How well do you know your B2B client?

Customer experience and customer success have been common in consumer industries (B2C) for many years. Companies carefully study customer needs by conducting qualitative and quantitative research, monitoring customer online behavior, and capturing upcoming churn triggers. Customer behavioral data is a vital source of information for management decision-making and is collected by various functions and in many ways.
In the B2B world, salespeople are traditionally the only reliable source of information about customers. Conversely, salespeople consider the marketing function to be out of touch with reality. Product specialists, especially in technology companies, are seen as too technical to communicate with key customer decision-makers directly. Additionally, customer experience management is spread out among various parts of the organization without any real cross-functional coordination.
There is also the perception that corporate clients do not want to spend time on in-depth conversations to discuss their needs. Thus, companies gather customer feedback once a year through NPS surveys. Being filled mainly by loyal customers, the generalized NPS scores are typically excellent. They don’t provide any feedback on specific business areas: sales, product delivery, and client product use.
This information gathered through the prism of a narrow circle of employees and unreliable surveys results in superficial, irrelevant, or distorted client knowledge. Crucial management decisions are made based on this data, or worse, on internal judgments and the interests of specific departments. At the end of the day, the client's real interests remain unknown.
Day-to-day management decision-making should rely on current customer needs. At the same time, strategic and longer-term transformational decisions should be made based on the target customer experience. This should provide reliable input for upgrading internal processes, determining the target product niches, and innovation focus. Thus, gathering the “voice of the customer” is critical for nearly all managerial decision-making.

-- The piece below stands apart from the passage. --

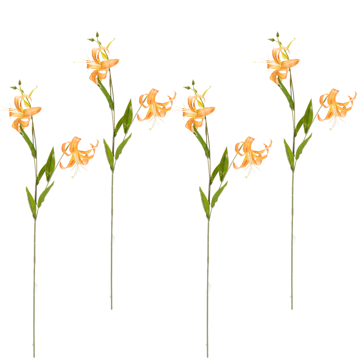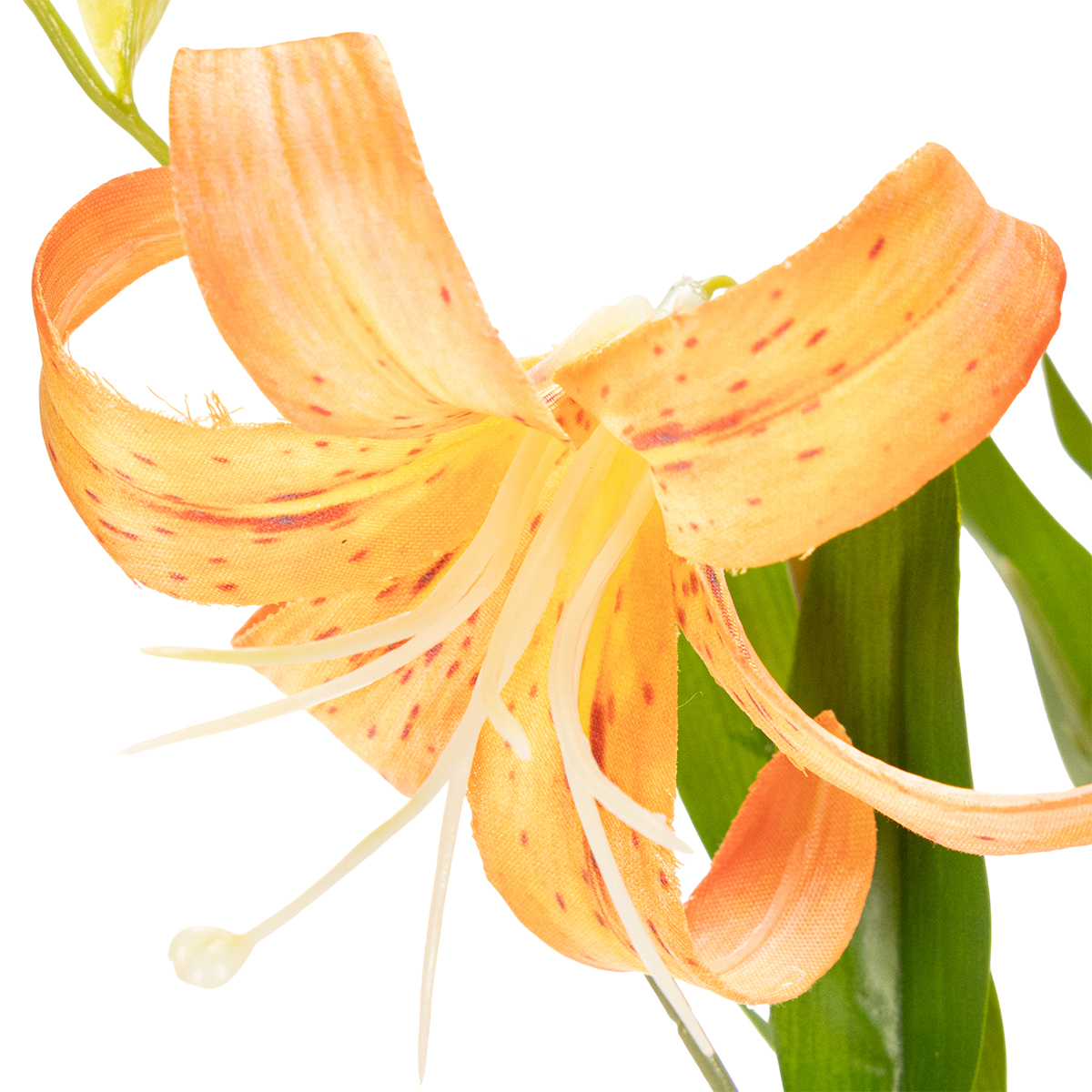 Hledáte elegantní detail pro vaši svatbu nebo akci? Naše vysoce kvalitní umělé lilie nabízejí perfektní kombinaci přírodní krásy a praktické trvanlivosti. Tyto umělé lilie zaujmou svým realistickým vzhledem a jemnými pomerančovými květy – skutečným poutačem! S výškou 77 cm lze tyto umělé květiny bez námahy začlenit do úžasných květinových aranžmá, ať už jako ústřední prvek na stole, ve velké váze nebo jako součást bujné květinové aranžmá. Ať už se jedná o svatbu, narozeniny nebo firemní akci, v mžiku promění jakoukoli místnost. Jsou také fantastickou volbou jako dárek nebo dekorace na stůl. Zajímá vás, jestli vypadají tak skutečně? Rozhodně! Díky své kvalitě a důrazu na detail vypadají téměř jako čerstvě natrhané. Vyzkoušejte je a vneste do svého každodenního života nádech elegance!

The first level gathers relationship insights through in-depth client interviews. This knowledge will give us the foundation for building long-term strategies with specific clients, client segments, and the market as a whole. At this level, we study the needs of individual decision-makers as well as the needs of the business. While we focus on customer needs that correlate with our products or services, we also look beyond our portfolio. We study not only interactions with our company but also with competitors. Understanding the client’s values ​​and goals, problems, and pain points is critical at this point.
I RECOMMEND COLLECTING THE "VOICE OF THE CUSTOMER" ON TWO LEVELS
This first-level data collection is done no more than once a year and includes communicating with various decision-makers within the same client organization. Often, clients are grateful for the depth of such conversations, which allows them to reflect on themselves and structure their business gaps and goals.
Sometimes clients experience trouble formulating their needs or don’t’ want to dig deep. To get to the bottom of the truth, we ask for specific customer examples from the past and go through their interactions with suppliers. Through the client's "how it was" story, we get more direct answers to questions than asking general questions like, "what qualities are important to you in a supplier?"
The second level of the “voice of the customer” data collection focuses more on transactional insights. As general NPS scores can’t be attributed to a specific transaction, we collect customer feedback in each business cycle stage separately: during critical phases of the sales process, after losing or closing the deal, during onboarding, during service or product delivery, and in case of client attrition. This process allows us to look at specific client interactions, assess our teams, and draw conclusions for the future. Additionally, it helps us catch failures on systematic levels of corporate processes, products and client segments.

While we gather relationship insights through qualitative interviews, the transactional insights are collected through quantitative or hybrid methods. For example, we run short online questionnaires combined with 15-minute interviews. Feedback is gathered promptly after the transaction to ensure that it remains relevant and fresh in the client’s memory. Clients appreciate the feedback gathering, especially when they feel our desire to improve.
There is no need to cover every transaction. We focus on the larger deals, rejections, strategically essential clients, and new products/services. Typically, in the sales stage, we will examine 10-15% of the total sales funnel.

Studying both relationship and transactional insight is the first step in establishing customer success. The knowledge gained has many practical applications and, when combined with advanced business analytics, provides infinite opportunities to improve your business.